=== TRY IT ===
Print the whole listing below exactly, skipping every picture.

BEGIN

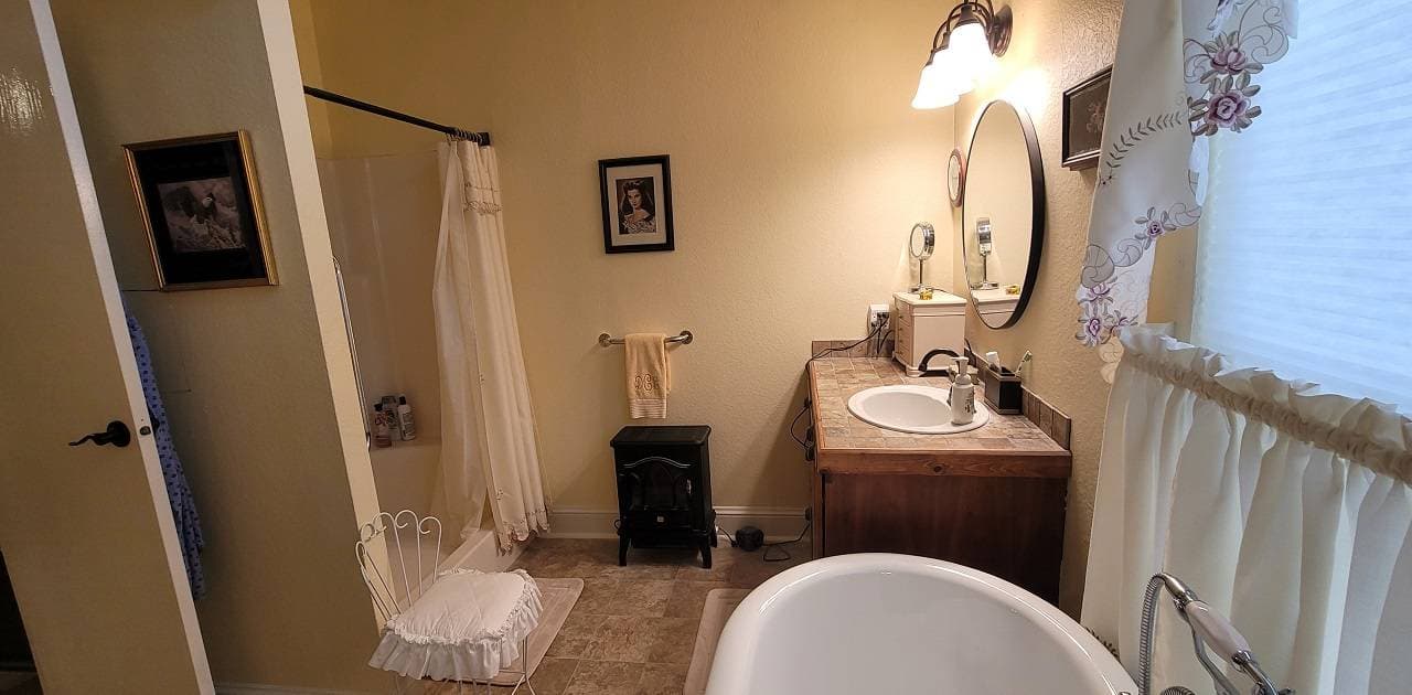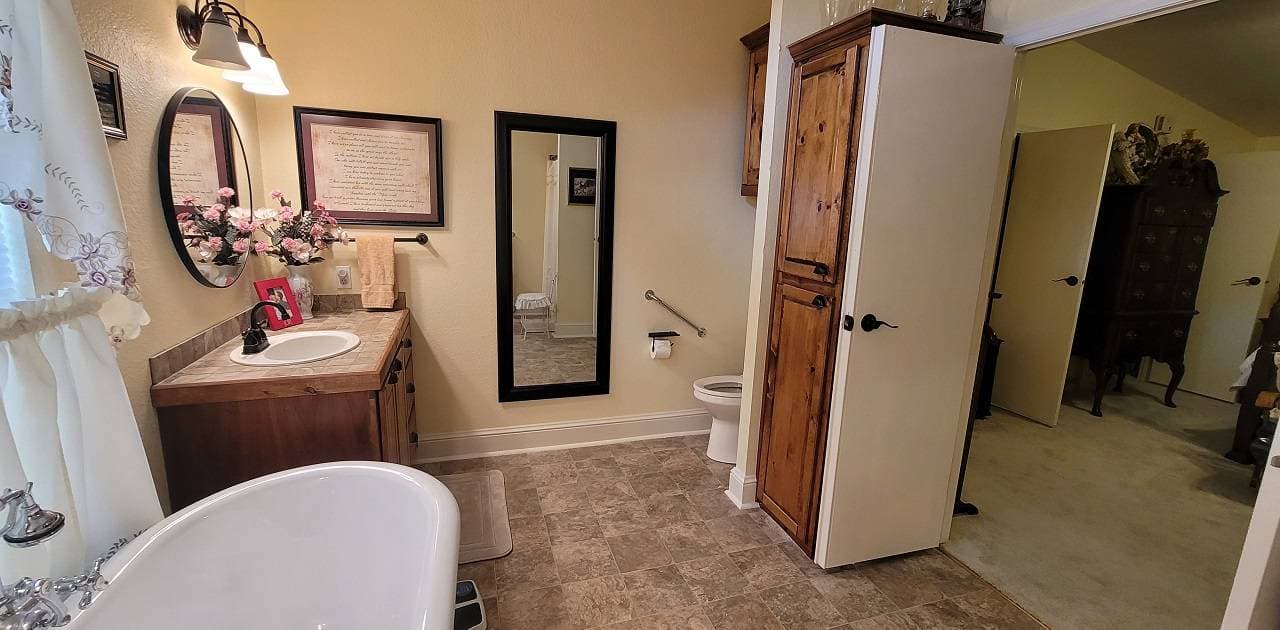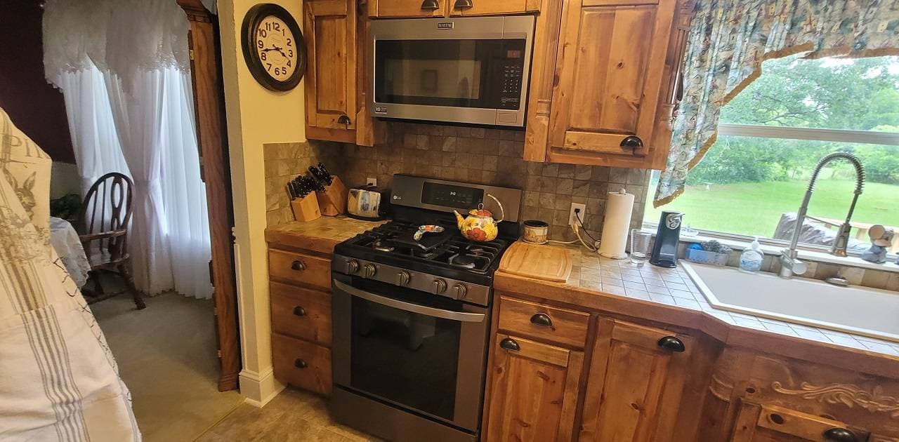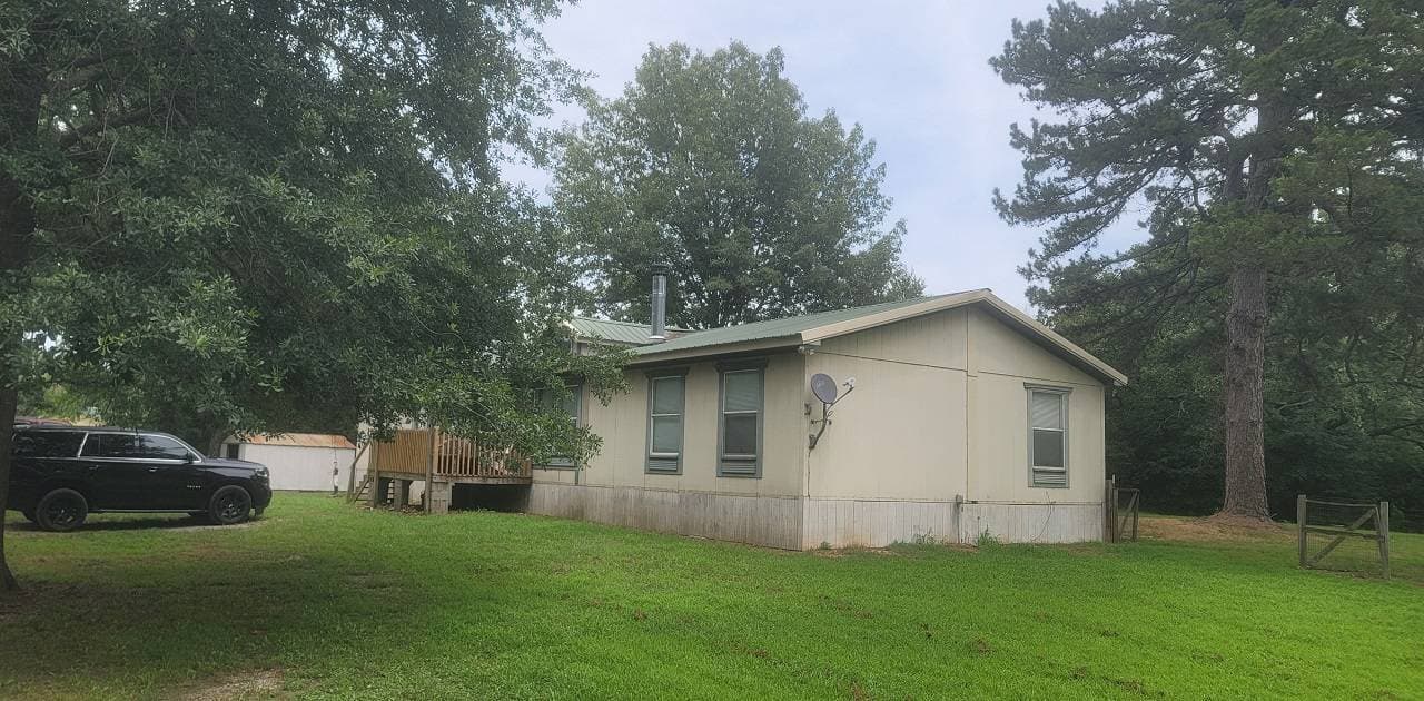 NICE! NICE! NICE! 4BR/2.5BA Completely rebuilt, better than new! This home is located in the quiet little community of Buffalo Valley, OK. Nestled near the end of a little dead end street, it has a feel of seclusion although there are a couple of homes nearby. It sets on nearly 2 acres so one has to some room to breathe. The home is a 28’x76′ manufactured home, that’s 2128 sf of beautiful completely renewed heated and air-conditioned living space, that looks better that new! The home is set up on runners so it is not settling or going anywhere. The sellers completely gutted the interior down to the stud walls, ceilings and floor joists, completely rebuilding the entire inside all new with first class material to do the finest home proud! All new sub-floor, sheet rock, plumbing, electrical and propane lines. Like I said, completely new. There are 3 bedrooms, the hall bathroom, utility/laundry room and half bath on the west end. Kitchen, living room, dining room in the center, with the master suite on the east end. This amazing home was appointed with all new custom cabinetry throughout the entire home. Check out the pictures, this place is awesome! This wonderful home was completed approximately 2 years ago and has had light use, therefore it is all the same as new. A few of the amenities are as follows: The kitchen appliances, including a propane gas cook stove, Bosch Dishwasher, Samsung side by side refrigerator with huge drawer freezer at bottom and eye level microwave. The master bedroom boasts a luxury claw footed soaking tub as well as a huge shower! There are 3 backup propane heaters strategically located throughout the home to provide heat in case of an unexpected power outage. The home is all electric otherwise, except for the gas kitchen range. The living room, dining room and all bedrooms are very nice carpeted in luxury carpeting. Bathrooms and laundry room have very nice vinyl flooring. There are nice ceiling fans in the living, dining and master bedrooms. One very attractive feature of this home is the wood-burning fireplace in the living room! Don’t miss out on this one. FOR BEST INFORMATION, please call Chuck Clark at 580-380-7093 or Terry Humphreys at 918-839-2106. You really need to see this one and appreciate the quality of the home. You’ll be glad you did!
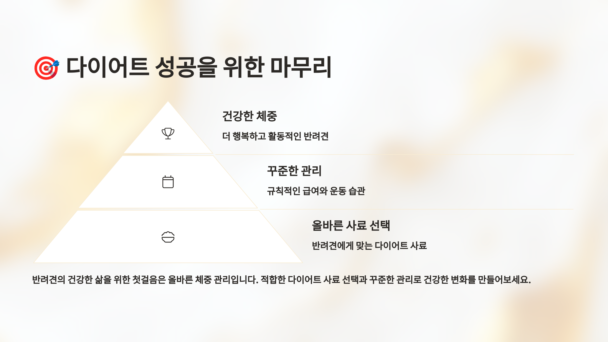 성공적인 다이어트를 위해서는 사료 교체와 함께 적절한 운동, 간식 관리, 정기적인 체중 측정이 병행되어야 해요. 또한 다이어트 과정에서 나타날 수 있는 부작용들을 미리 알고 대비하는 것도 중요하고요. 특히 급격한 변화보다는 점진적이고 지속 가능한 방법을 선택해야 강아지의 스트레스를 최소화하면서도 건강하게 체중을 감량할 수 있어요.
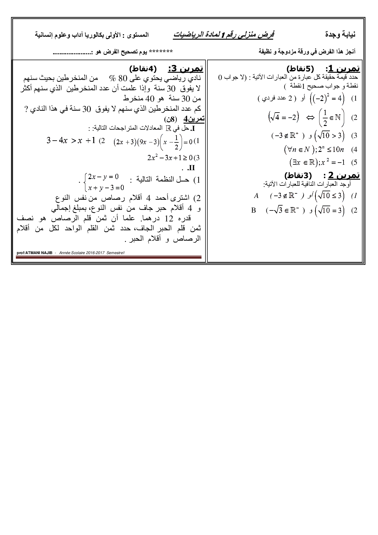 الفرض 1 نموذج 3 - الرياضيات أولى باك آداب وعلوم إنسانية الدورة الأولى
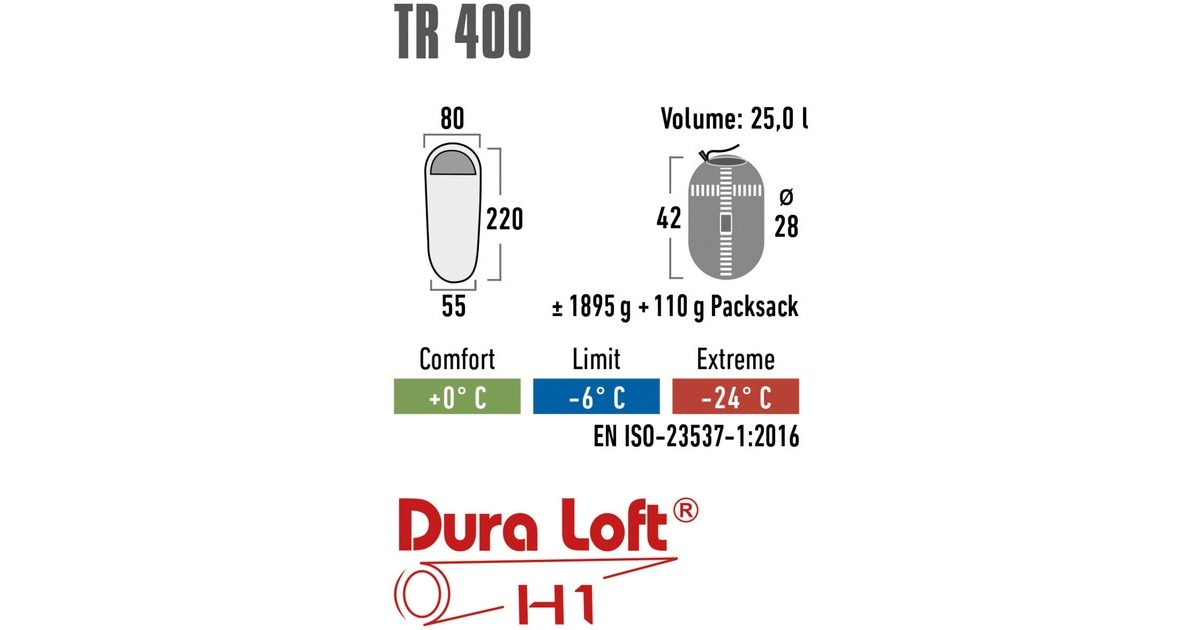 Die Temperaturangaben wurden gemäß Schlafsacknorm EN 23537 ermittelt |
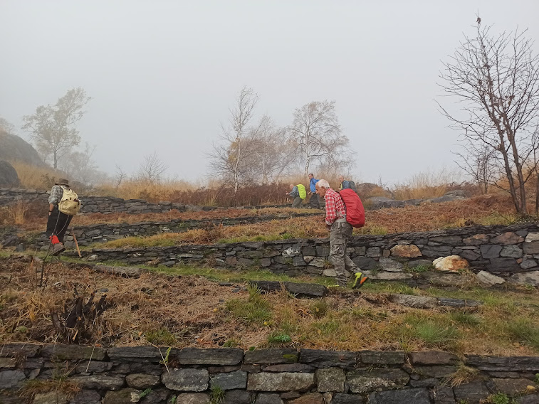 A quota 800 incrociamo ancora la strada che sale dal Boden. Ci teniamo a destra e, poco sotto, troviamo un grande recinto dotato di ogni confort, dove vivono cinquanta capre, come ci racconta il pastore. Torniamo per l’ultima volta sulla strada all’Alpe Ronch, 730, in corrispondenza di un’area dove si apprezza l’enorme lavoro di chi ci abita: assomiglia al giardino di un villaggio vacanze. Insieme all’altro autista mi porto avanti, sempre lungo la strada, passando da Casalecchio II, per recuperare le auto (un’ora e un quarto) e risalire alla Trattoria del Boden, dove un ottimo pranzo conclude in bellezza la giornata.
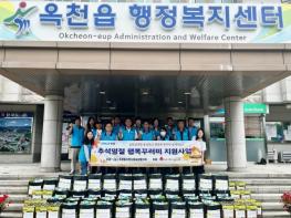 옥천군에서는 추석 명절을 맞아 취약계층 가구에 식품, 생필품 등을 지원하는 행복꾸러미 지원이 한창이다.옥천읍지역사회보장협의체는 공동모금회 행복나눔 연합모금 매칭금 사업인 ‘추석명절 행복꾸러미

END

=== YOUR SOLUTION ===
 NICE! NICE! NICE! 4BR/2.5BA Completely rebuilt, better than new! This home is located in the quiet little community of Buffalo Valley, OK. Nestled near the end of a little dead end street, it has a feel of seclusion although there are a couple of homes nearby. It sets on nearly 2 acres so one has to some room to breathe. The home is a 28’x76′ manufactured home, that’s 2128 sf of beautiful completely renewed heated and air-conditioned living space, that looks better that new! The home is set up on runners so it is not settling or going anywhere. The sellers completely gutted the interior down to the stud walls, ceilings and floor joists, completely rebuilding the entire inside all new with first class material to do the finest home proud! All new sub-floor, sheet rock, plumbing, electrical and propane lines. Like I said, completely new. There are 3 bedrooms, the hall bathroom, utility/laundry room and half bath on the west end. Kitchen, living room, dining room in the center, with the master suite on the east end. This amazing home was appointed with all new custom cabinetry throughout the entire home. Check out the pictures, this place is awesome! This wonderful home was completed approximately 2 years ago and has had light use, therefore it is all the same as new. A few of the amenities are as follows: The kitchen appliances, including a propane gas cook stove, Bosch Dishwasher, Samsung side by side refrigerator with huge drawer freezer at bottom and eye level microwave. The master bedroom boasts a luxury claw footed soaking tub as well as a huge shower! There are 3 backup propane heaters strategically located throughout the home to provide heat in case of an unexpected power outage. The home is all electric otherwise, except for the gas kitchen range. The living room, dining room and all bedrooms are very nice carpeted in luxury carpeting. Bathrooms and laundry room have very nice vinyl flooring. There are nice ceiling fans in the living, dining and master bedrooms. One very attractive feature of this home is the wood-burning fireplace in the living room! Don’t miss out on this one. FOR BEST INFORMATION, please call Chuck Clark at 580-380-7093 or Terry Humphreys at 918-839-2106. You really need to see this one and appreciate the quality of the home. You’ll be glad you did!
 성공적인 다이어트를 위해서는 사료 교체와 함께 적절한 운동, 간식 관리, 정기적인 체중 측정이 병행되어야 해요. 또한 다이어트 과정에서 나타날 수 있는 부작용들을 미리 알고 대비하는 것도 중요하고요. 특히 급격한 변화보다는 점진적이고 지속 가능한 방법을 선택해야 강아지의 스트레스를 최소화하면서도 건강하게 체중을 감량할 수 있어요.
 الفرض 1 نموذج 3 - الرياضيات أولى باك آداب وعلوم إنسانية الدورة الأولى
 Die Temperaturangaben wurden gemäß Schlafsacknorm EN 23537 ermittelt |
 A quota 800 incrociamo ancora la strada che sale dal Boden. Ci teniamo a destra e, poco sotto, troviamo un grande recinto dotato di ogni confort, dove vivono cinquanta capre, come ci racconta il pastore. Torniamo per l’ultima volta sulla strada all’Alpe Ronch, 730, in corrispondenza di un’area dove si apprezza l’enorme lavoro di chi ci abita: assomiglia al giardino di un villaggio vacanze. Insieme all’altro autista mi porto avanti, sempre lungo la strada, passando da Casalecchio II, per recuperare le auto (un’ora e un quarto) e risalire alla Trattoria del Boden, dove un ottimo pranzo conclude in bellezza la giornata.
 옥천군에서는 추석 명절을 맞아 취약계층 가구에 식품, 생필품 등을 지원하는 행복꾸러미 지원이 한창이다.옥천읍지역사회보장협의체는 공동모금회 행복나눔 연합모금 매칭금 사업인 ‘추석명절 행복꾸러미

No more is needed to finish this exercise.